Hau Margaret, I use 2 Oz. Per gal. For B-12.. your mineral additive sounds like a good additive in several small quantity stations over the growing season. One of the best things to do to really help any tree is to give them a mycorrhizae watering , this will give the roots the very important helper hyphae which form bacteria highways, form a type of internet between trees and other plants as well as helping nutrient up take by the roots.

Redhawk
4 months ago

Sean Govan wrote:Dr. Redhawk, after reading this thread I have a bunch more questions. Thanks again for putting this out there.

1. Would regular driveway salt (you know, for melting ice) work as a soil amendment if it is 100% halite? Halite has all the same 90 minerals as regular sea salt, right? I ask because this is cheap and abundant at Menards.  



Most driveway "salts" are not good for growing plant life, halide is not the same as a sea salt. I use sea90, it only takes a tablespoon per plant. If you're going to spread it over a garden plot figure on 2 tbs. Per Sq. Ft.


2. The bags of halite that I have contain some grayish/blackish chunks. Is this hydrocarbon contamination? If so, will that be a problem for my soil, veggies, or meat?



Those chunks are probably some sort of contaminate. Contaminated are not good for gardens.

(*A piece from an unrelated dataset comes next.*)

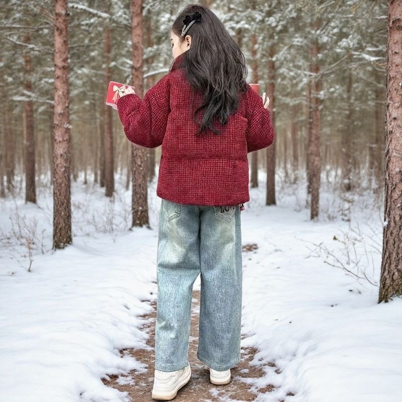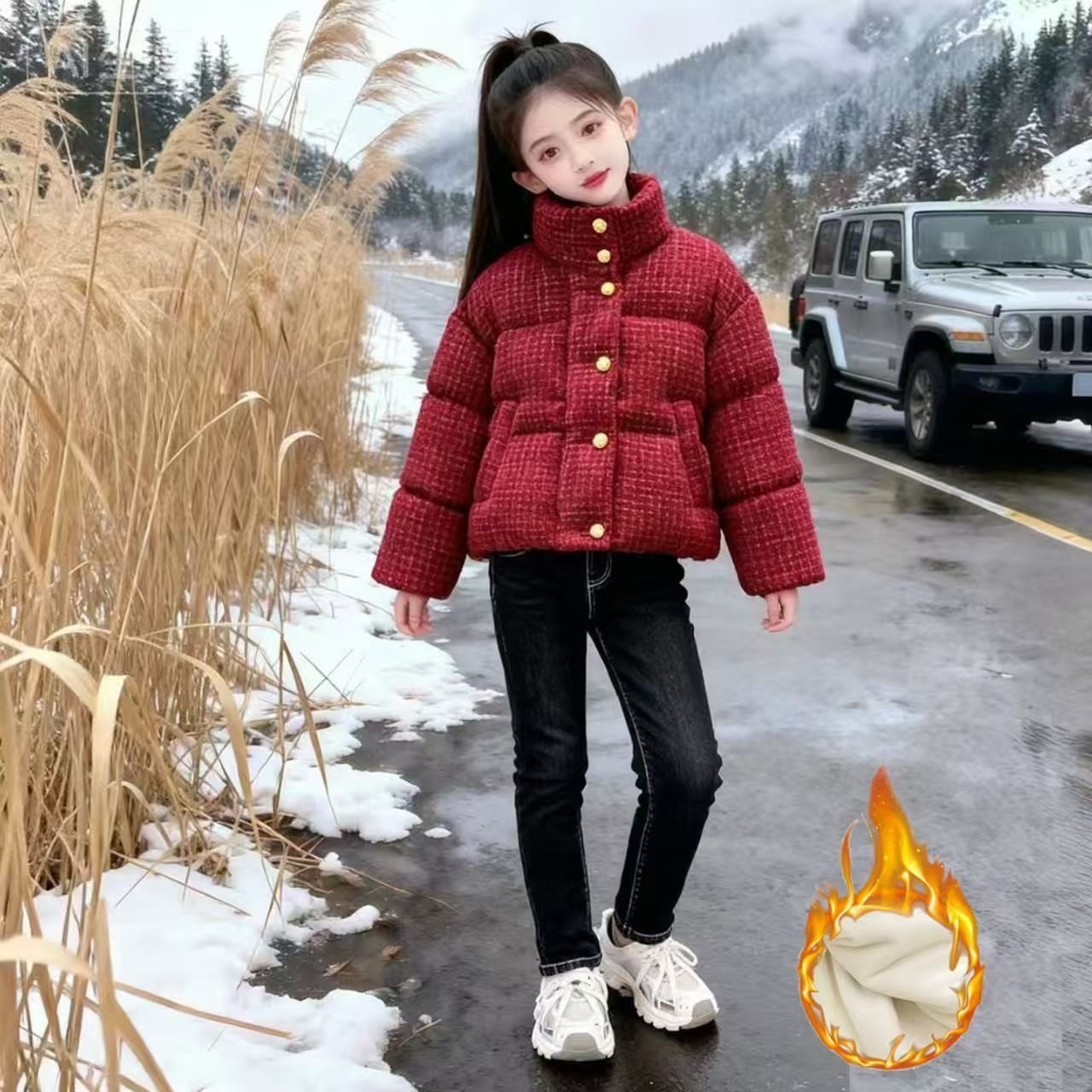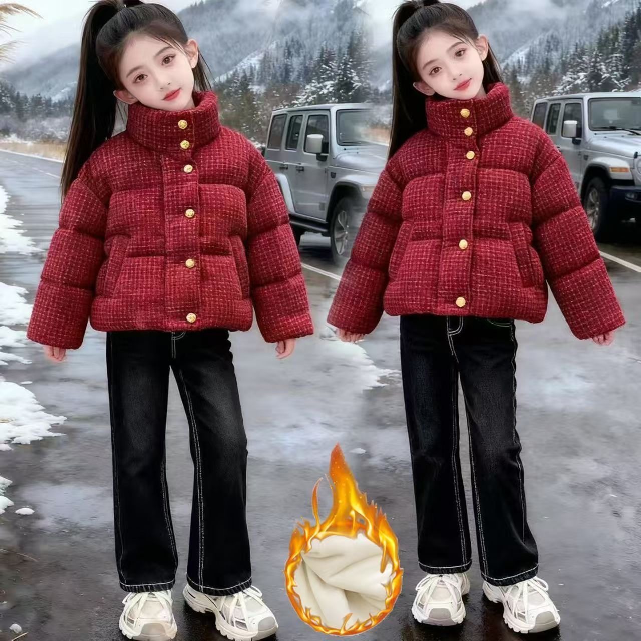 女童棉衣拜年服时髦洋气中大童高级红色过年衣服韩版冬装棉服棉袄

3. Since beginning rotational grazing this year, I've discovered that I need to scythe under the fence a lot to keep it from shorting out. What do you think of pouring a line of halite under my permanent fencelines to reduce scything? I'm thinking it might keep the plant growth down for a few years, while the minerals slowly spread toward the middle of the pasture through leaching and the food web. Maybe the concentrated salty area would also benefit insects and other wildlife. Or is this a bad idea?



With an electric fence, the halite, spread about 2 ft. Wide under the fence line should keep you from having to do maintenance so often, if at all.


4. Some sites selling sea salt for soil seem to say that all the first 92 elements (of the periodic table) are necessary for optimum plant and animal health. What about things like lead, cadmium, arsenic, mercury, and aluminum? Are these things beneficial in any amount, in any way at all?  



The only sea salt product I recommend is sea 90. I know the owner and his product has 94 minerals, from the sea of Cortez. I don't know about other products but in sea 90 the lead and other nasties are so minimal when used correctly they aren't a concern.


5. How to deal with old junkpiles on our property, containing everything from rusty barb wire to asphalt roofing shingles? Bury it in a giant pile of topsoil and wood chips?



I have this problem too. I am leaving the junk pile on my land to it's own devices. Since I'm not sure what all was pushed into the pile after the house burned down, I'm not interested in trying to make use of that bit of my land. I would recommend you do the same or haul it off to the dump.


6. You mentioned that synthetic nutrients make the soil microbes "fat and lazy" because the plants can just suck up the nutrients. Is that the case for urine?



Urine is a natural item, all of the earth mothers creatures make and deposite urine. Just remember that it can be overused.


(The reason I'm using urine is, that I spread some sawdust soaked in cow manure on the garden last winter. Our pigs tilled it into the soil, and then the plants we put there got yellow leaves. So I started pouring diluted urine at the base of the plants every day, and they started greening back up. And now there's huge amounts of mushrooms growing under the shade of the plants. So I feel like the urine activated the mushrooms and they're breaking down the sawdust.)

Thanks for your time,

Sean

 

Redhawk
7 months ago

Hans Quistorff wrote:Having a large area of grass field available and straw that can be trusted not available I use a riding lawnmower with a pick up tube directed into a cart behind which I dump on the area to be developed.  
The clay is based on white volcanic ash like what came out of Mount St. Helens eruption.  It is filled with quack grass rhizomes which are very persistent and hard to remove.   I have roles of wall to wall carpet that have been removed from home renovations which I roll out on top which blocks all light but allows rain to penetrate.  Every thing rots down except the grass rhizomes which in their determination to survive grow in great swirls on the surface  of the soil looking for light.  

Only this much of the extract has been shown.